[Dataset excerpts — start]
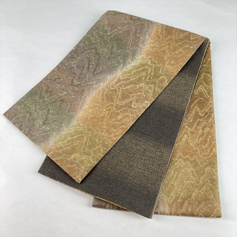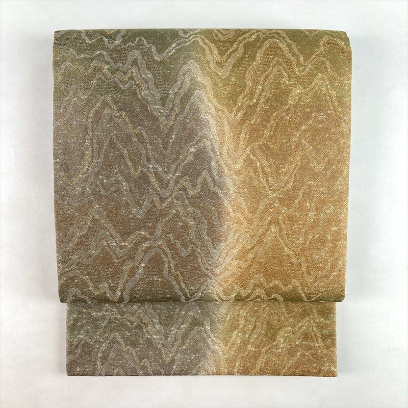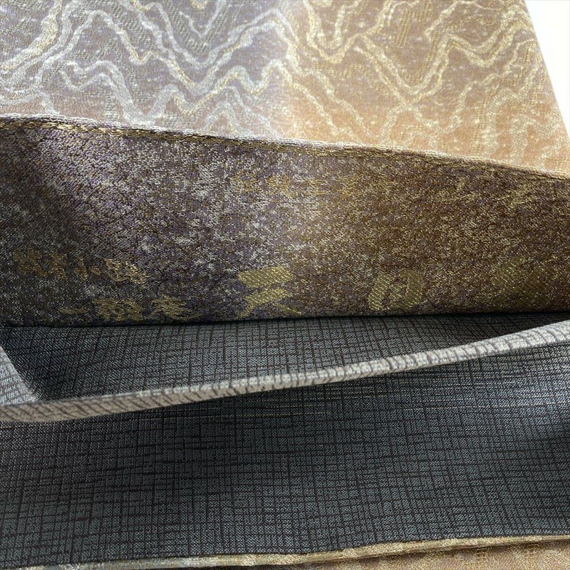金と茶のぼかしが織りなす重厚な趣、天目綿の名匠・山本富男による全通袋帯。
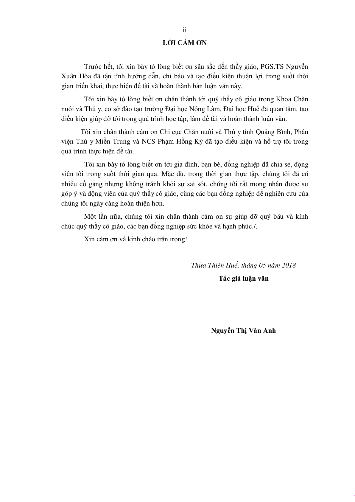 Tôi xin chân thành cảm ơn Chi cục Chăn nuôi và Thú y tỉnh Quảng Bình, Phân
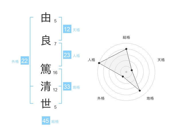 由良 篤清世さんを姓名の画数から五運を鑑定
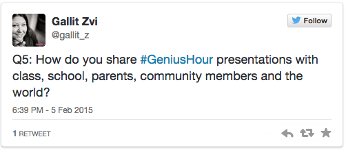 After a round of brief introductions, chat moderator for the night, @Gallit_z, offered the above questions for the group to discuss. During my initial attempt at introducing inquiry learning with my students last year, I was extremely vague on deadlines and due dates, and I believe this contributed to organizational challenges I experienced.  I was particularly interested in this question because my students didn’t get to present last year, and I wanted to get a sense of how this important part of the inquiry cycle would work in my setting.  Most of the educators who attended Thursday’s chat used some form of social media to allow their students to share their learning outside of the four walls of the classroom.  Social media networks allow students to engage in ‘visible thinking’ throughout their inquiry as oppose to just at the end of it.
[Dataset excerpts — finish]
[Dataset excerpts — start]
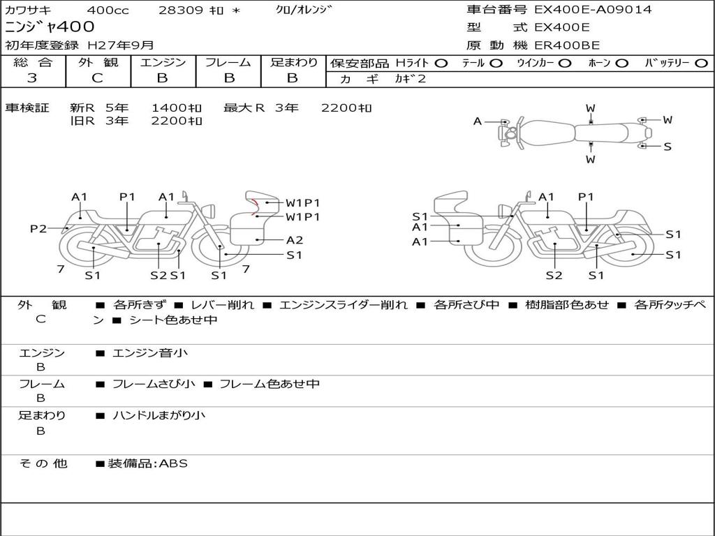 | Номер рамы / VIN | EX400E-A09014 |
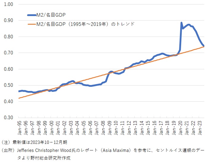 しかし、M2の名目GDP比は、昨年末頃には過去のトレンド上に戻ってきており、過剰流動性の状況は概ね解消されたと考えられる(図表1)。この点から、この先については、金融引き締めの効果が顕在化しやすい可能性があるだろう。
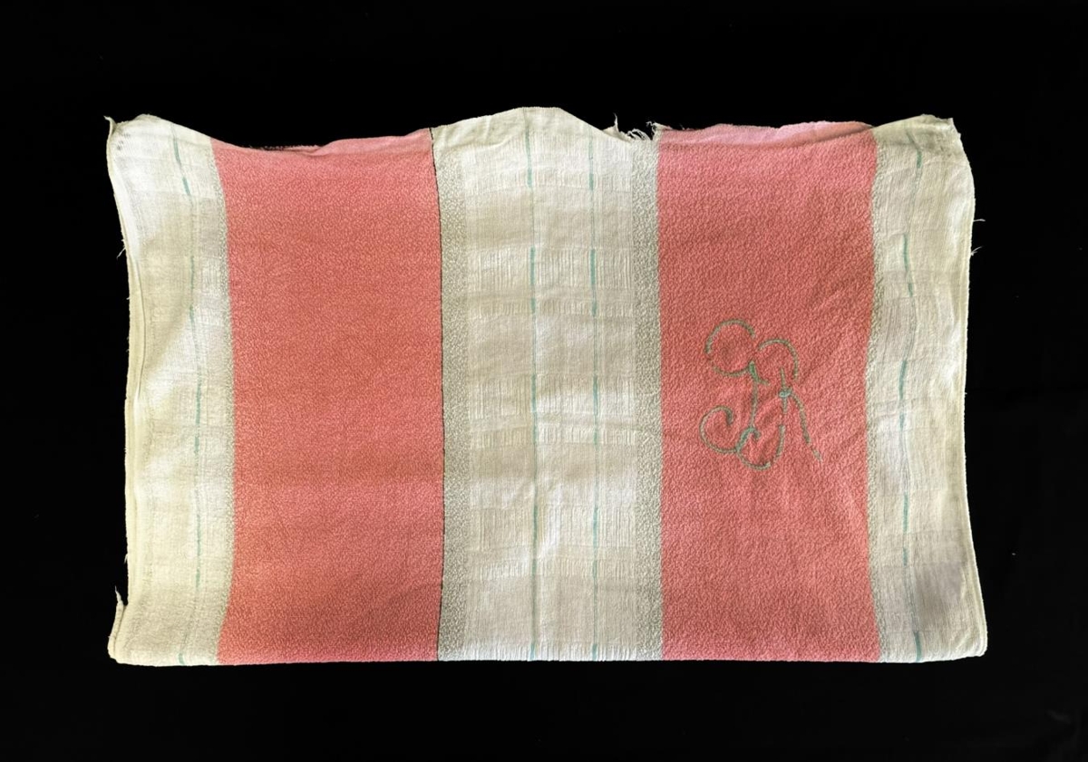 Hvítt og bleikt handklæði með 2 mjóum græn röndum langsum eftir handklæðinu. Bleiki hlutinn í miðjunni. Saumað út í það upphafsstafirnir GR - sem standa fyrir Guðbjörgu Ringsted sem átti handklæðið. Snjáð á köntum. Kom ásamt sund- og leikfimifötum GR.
[Dataset excerpts — finish]
■ What is needed ■
Although the records above contain pictures, the copy must not; set down exactly the lines from the one with "金と茶のぼかしが織りなす重厚な趣、天目綿の名匠・山本富男による全通袋帯。" up to and including the one with "由良 篤清世さんを姓名の画数から五運を鑑定".

■ Task output ■
金と茶のぼかしが織りなす重厚な趣、天目綿の名匠・山本富男による全通袋帯。
 Tôi xin chân thành cảm ơn Chi cục Chăn nuôi và Thú y tỉnh Quảng Bình, Phân
 由良 篤清世さんを姓名の画数から五運を鑑定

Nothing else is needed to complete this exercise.